▼

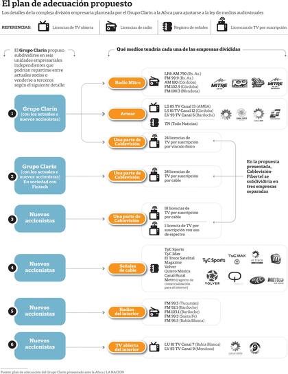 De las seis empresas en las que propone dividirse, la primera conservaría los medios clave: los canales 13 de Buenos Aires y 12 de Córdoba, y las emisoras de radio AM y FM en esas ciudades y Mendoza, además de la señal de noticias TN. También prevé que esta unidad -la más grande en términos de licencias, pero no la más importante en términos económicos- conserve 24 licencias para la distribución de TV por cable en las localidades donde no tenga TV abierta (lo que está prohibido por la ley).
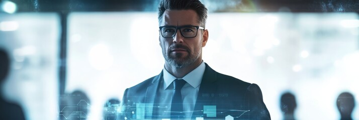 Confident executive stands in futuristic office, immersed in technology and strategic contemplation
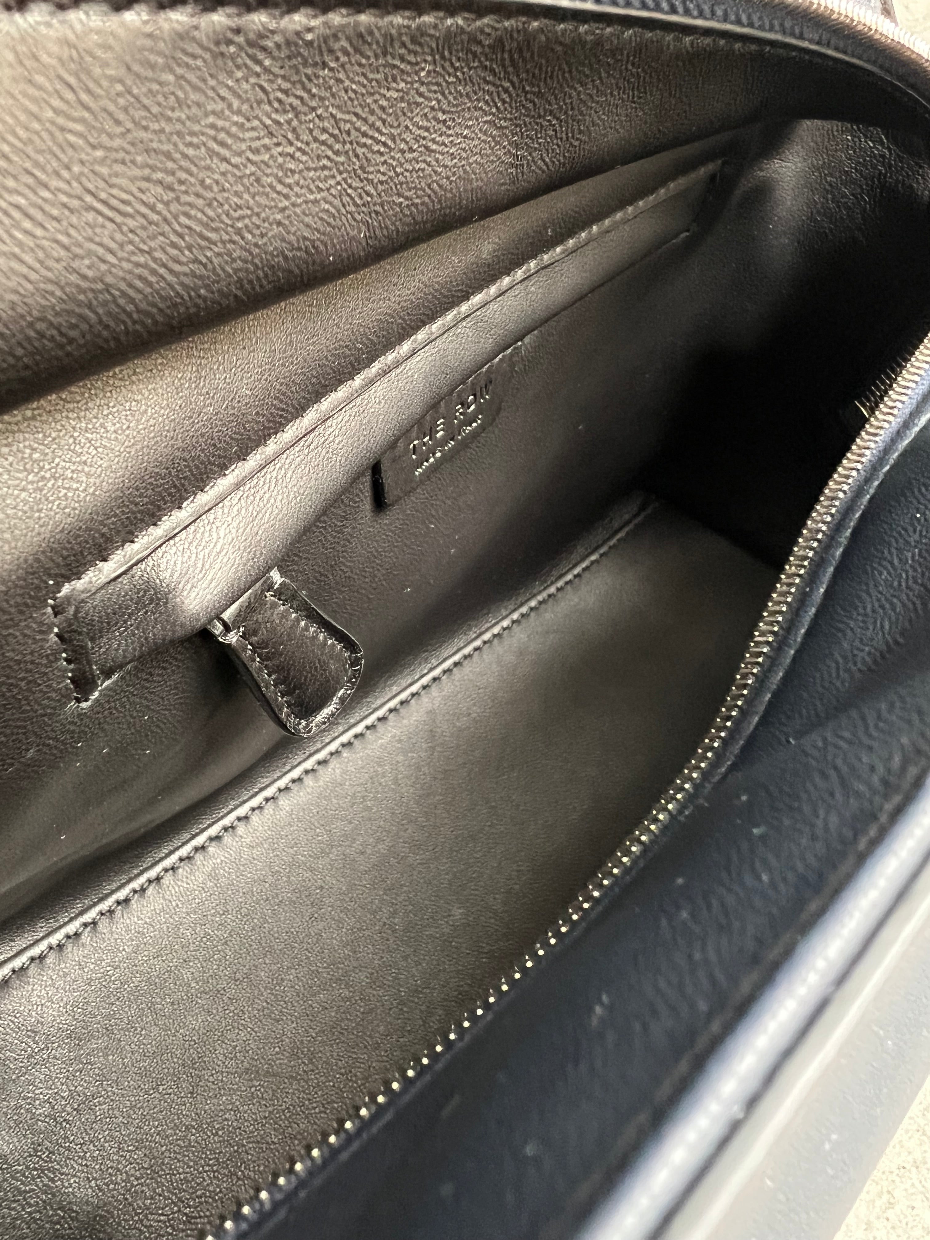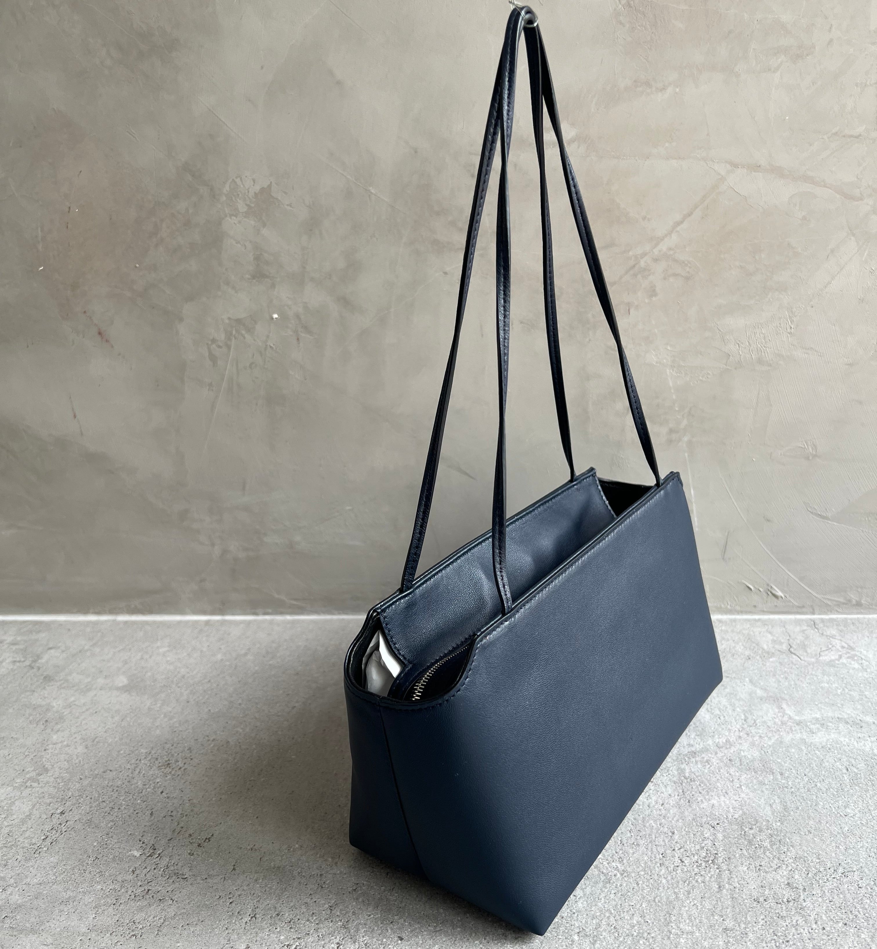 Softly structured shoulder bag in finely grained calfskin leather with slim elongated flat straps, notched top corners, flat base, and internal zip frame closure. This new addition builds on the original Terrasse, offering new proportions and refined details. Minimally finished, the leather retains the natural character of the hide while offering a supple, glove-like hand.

▲

▶ EXERCISE DIRECTIONS
Write out the whole listing exactly. Pictures stay out.

▶ OUTPUT OF THE TASK
 De las seis empresas en las que propone dividirse, la primera conservaría los medios clave: los canales 13 de Buenos Aires y 12 de Córdoba, y las emisoras de radio AM y FM en esas ciudades y Mendoza, además de la señal de noticias TN. También prevé que esta unidad -la más grande en términos de licencias, pero no la más importante en términos económicos- conserve 24 licencias para la distribución de TV por cable en las localidades donde no tenga TV abierta (lo que está prohibido por la ley).
 Confident executive stands in futuristic office, immersed in technology and strategic contemplation
 Softly structured shoulder bag in finely grained calfskin leather with slim elongated flat straps, notched top corners, flat base, and internal zip frame closure. This new addition builds on the original Terrasse, offering new proportions and refined details. Minimally finished, the leather retains the natural character of the hide while offering a supple, glove-like hand.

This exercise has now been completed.